J Neurotrauma. 2007 Oct;24(10):1587-95.
Omega-3 fatty acids supplementation restores mechanisms that maintain brain homeostasis in traumatic brain injury.
Wu A, Ying Z, Gomez-Pinilla F.
Department of Physiological Science, University of California at Los Angeles(UCLA), Los Angeles, California 90095, USA.

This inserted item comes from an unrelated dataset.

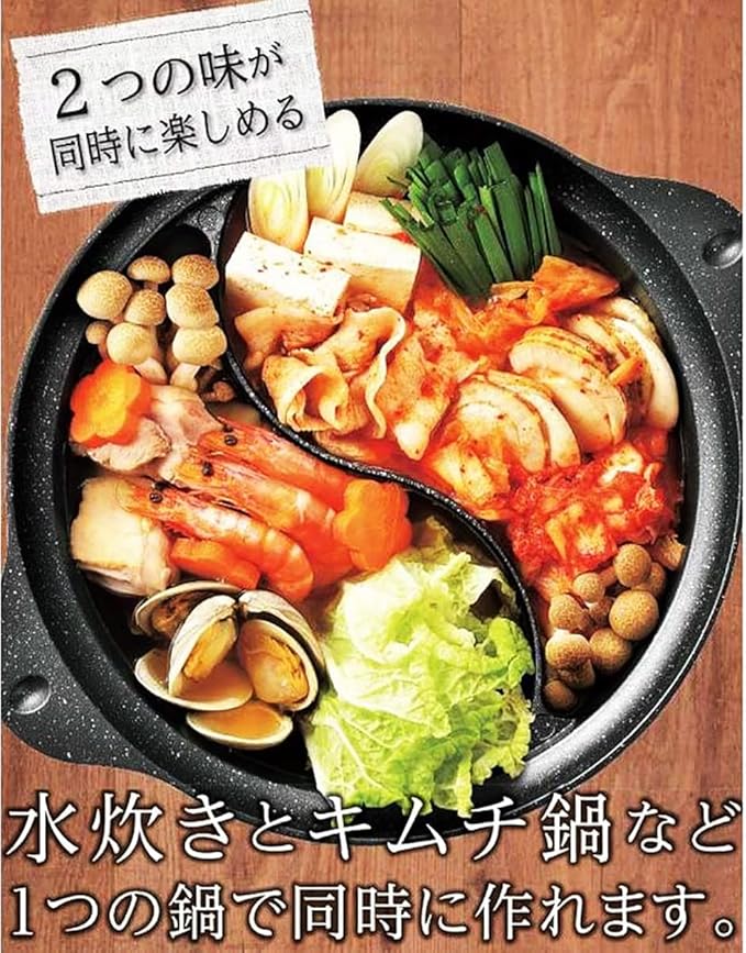 仕切り付きで二つの味が同時に楽しめる便利なお鍋!お手入れ簡単なフッ素加工済みです。辛口好きな方や苦手な方、お子様用のお鍋など異なる味が同時に煮込めるのでみんな一緒に楽しめるのがうれしい!

Traumatic brain injury (TBI) produces a state of vulnerability that reduces the brain capacity to cope with secondary insults. The silent information regulator 2(Sir2) has been implicated with maintaining genomic stability and cellular homeostasis under challenging situation. Here we explore the possibility that the action of Sir2alpha (mammalian Sir2) in the brain can extend to serve neuronal plasticity. We provide novel evidence showing that mild TBI reduces the expression of Sir2alpha in the hippocampus, in proportion to increased levels of protein oxidation. In addition, we show that dietary supplementation of omega-3 fatty acids that ameliorates protein oxidation was effective to reverse the reduction of Sir2alpha level in injured rats. Given that oxidative stress is a subproduct of dysfunctional energy homeostasis, we measured AMP-activated protein kinase (AMPK) and phosphorylated-AMPK (p-AMPK) to have an indication of the energy status of cells. Hippocampal levels of total and phosphorylated AMPK were reduced after TBI and levels were normalized by omega-3 fatty acts supplements. Further, we found that TBI reduced ubiquitous mitochondrial creatine kinase (uMtCK), an enzyme implicated in the energetic regulation of Ca2+-pumps and in the maintenance of Ca2+-homeostasis. Omega-3 fatty acids supplements normalized the levels of uMtCK after lesion. Furthermore, we found that the correlation between Sir2alpha and AMPK or p-AMPK was disrupted by TBI, but restored by omega-3 fatty acids supplements. Our results suggest that TBI may compromise neuronal protective mechanisms by involving the action of Sir2alpha. In addition, results show the capacity of omega-3 fatty acids to counteract some of the effects of TBI by normalizing levels of molecular systems associated with energy homeostasis.